TASK PROMPT: Could you repeat the whole listing below exactly, omitting any picture it holds?

DATASET EXTRACT:

Content starts

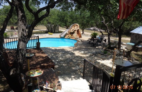country setting with quietness and tranquility just minutes away from the many activities available in new braunfels, gruene, canyon lake, whitewater amphitheatre or other surrounding areas!! walk up a flight of stairs (17 steps) thru your private entrance into a spacious, 750 sq ft, suite-like apartment where your family can relax in the comfort of your home-away or on your private covered balcony before enjoying the numerous various attractions nearby The rental is attached to the main quarters of the house (2nd floor over carport/garage area) and the owners live on-site, however, it is very private and unassociated with the owners' homestead. The rental is conveniently located only minutes away from Schlitterbahn, Guadalupe/Comal Rivers, Gruene, Canyon Lake, Whitewater Amphitheater, Stars and Stripes Drive-In Theatre, Landa Park or Fischer Park, and all the other attractions in and around the New Braunfels area. The rental is decorated with a personal touch to brighten your stay and give you the "homely feeling". There are hardwood floors throughout bedroom, living room and kitchen area. The bedroom/living room are combined with 1 queen bed, 2 twin beds, Loveseat and 2 lounge chairs, ceiling fan, 32" TV, DVD, VCR, fiber optic cable, Wifi, internet. The kitchen is equipped with a full size refrigerator with icemaker, 2-burner electric cooktop and convection microwave and convection toaster oven. Dishes, glasses, silverware, pots, pans as well as coffee makers (Keurig and 10-cup drip), blender and toaster, and some paper amenities are provided. The tile floor bathroom is spacious with a walk-in shower and ceiling fan. Bathroom/kitchen towels and bedding are provided (pool towels not provided), but will not be exchanged during your stay. A large propane/charcoal grill is provided for your outdoor cooking with a playground close by. After a long day of sightseeing, shopping or playing, grab your favorite beverage and relax on your private balcony, multiple porches/decks or poolside and enjoy the scenery of wildlife and birds roaming the 3-acres. Locusts and Katydids will serenade you in the evening. We are in the country, so you may encounter other bugs/insects, etc that call this "home", therefore, if you are afraid of a "fly", this place may not be suitable for you. Enjoy swimming in your private pool (not heated for cooler months) before your adventurous day or after coming back and winding down. On those cozy evenings, sit around the fire pit (bring your own wood) talking about good ole times and roasting marshmallows. There is plenty of secure parking for all your water toys. This is a private rental, therefore, only you and your paid guests are allowed to be on the premises and use the facilities. Forgot something, don't worry, owner on-site and can help you out..
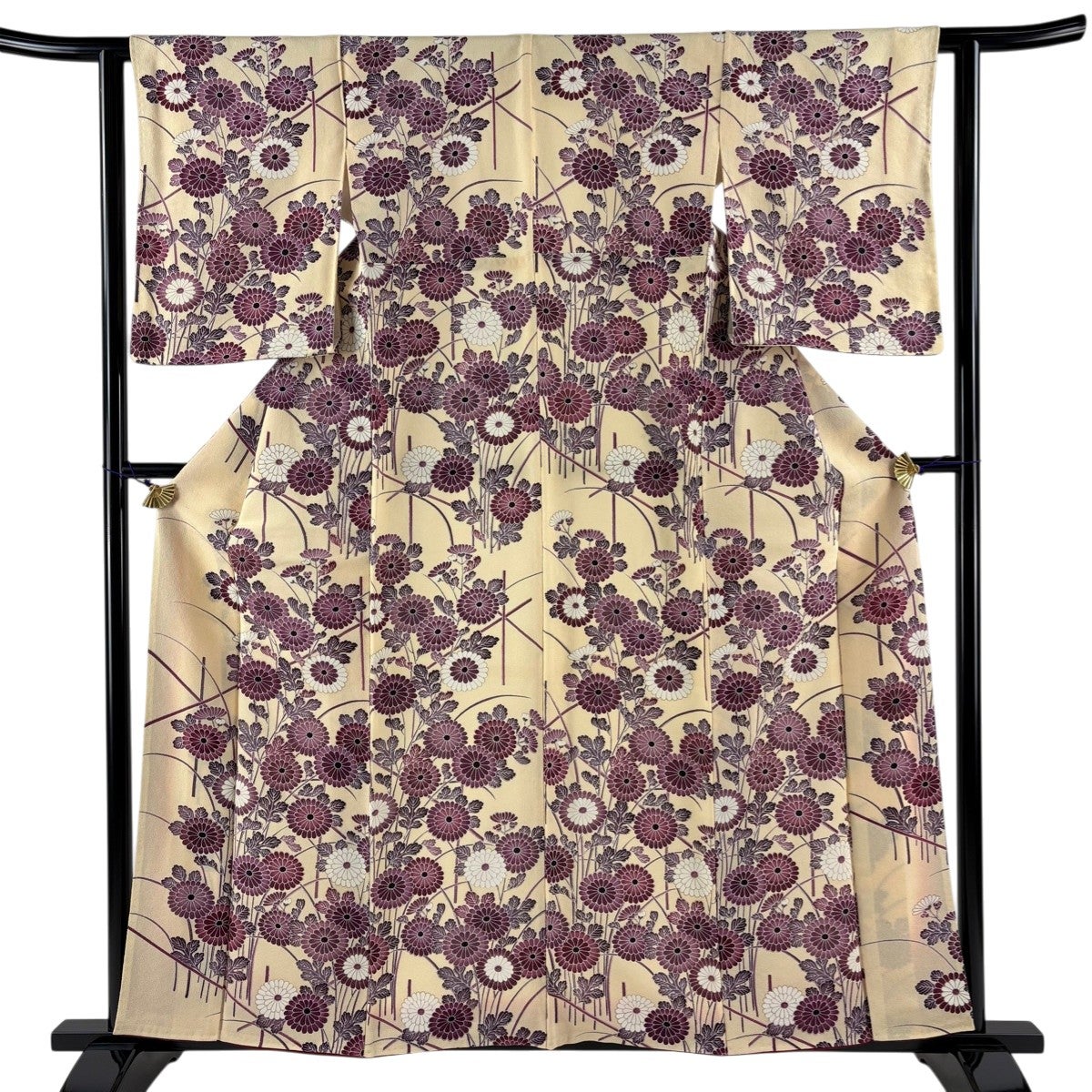 【美品】 小紋 身丈162.5cm 裄丈66cm M 単衣 源氏香 桜 縮緬 黄土色 正絹 秀品
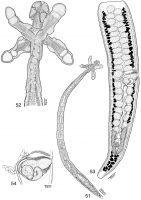 Figs. 5154. Line drawings of Rhoptrobothrium limae sp. n. Fig. 51. Whole worm (paratype, USNPC 96996). Fig. 52. Scolex

Content ends

TASK RESPONSE:
country setting with quietness and tranquility just minutes away from the many activities available in new braunfels, gruene, canyon lake, whitewater amphitheatre or other surrounding areas!! walk up a flight of stairs (17 steps) thru your private entrance into a spacious, 750 sq ft, suite-like apartment where your family can relax in the comfort of your home-away or on your private covered balcony before enjoying the numerous various attractions nearby The rental is attached to the main quarters of the house (2nd floor over carport/garage area) and the owners live on-site, however, it is very private and unassociated with the owners' homestead. The rental is conveniently located only minutes away from Schlitterbahn, Guadalupe/Comal Rivers, Gruene, Canyon Lake, Whitewater Amphitheater, Stars and Stripes Drive-In Theatre, Landa Park or Fischer Park, and all the other attractions in and around the New Braunfels area. The rental is decorated with a personal touch to brighten your stay and give you the "homely feeling". There are hardwood floors throughout bedroom, living room and kitchen area. The bedroom/living room are combined with 1 queen bed, 2 twin beds, Loveseat and 2 lounge chairs, ceiling fan, 32" TV, DVD, VCR, fiber optic cable, Wifi, internet. The kitchen is equipped with a full size refrigerator with icemaker, 2-burner electric cooktop and convection microwave and convection toaster oven. Dishes, glasses, silverware, pots, pans as well as coffee makers (Keurig and 10-cup drip), blender and toaster, and some paper amenities are provided. The tile floor bathroom is spacious with a walk-in shower and ceiling fan. Bathroom/kitchen towels and bedding are provided (pool towels not provided), but will not be exchanged during your stay. A large propane/charcoal grill is provided for your outdoor cooking with a playground close by. After a long day of sightseeing, shopping or playing, grab your favorite beverage and relax on your private balcony, multiple porches/decks or poolside and enjoy the scenery of wildlife and birds roaming the 3-acres. Locusts and Katydids will serenade you in the evening. We are in the country, so you may encounter other bugs/insects, etc that call this "home", therefore, if you are afraid of a "fly", this place may not be suitable for you. Enjoy swimming in your private pool (not heated for cooler months) before your adventurous day or after coming back and winding down. On those cozy evenings, sit around the fire pit (bring your own wood) talking about good ole times and roasting marshmallows. There is plenty of secure parking for all your water toys. This is a private rental, therefore, only you and your paid guests are allowed to be on the premises and use the facilities. Forgot something, don't worry, owner on-site and can help you out..
 【美品】 小紋 身丈162.5cm 裄丈66cm M 単衣 源氏香 桜 縮緬 黄土色 正絹 秀品
 Figs. 5154. Line drawings of Rhoptrobothrium limae sp. n. Fig. 51. Whole worm (paratype, USNPC 96996). Fig. 52. Scolex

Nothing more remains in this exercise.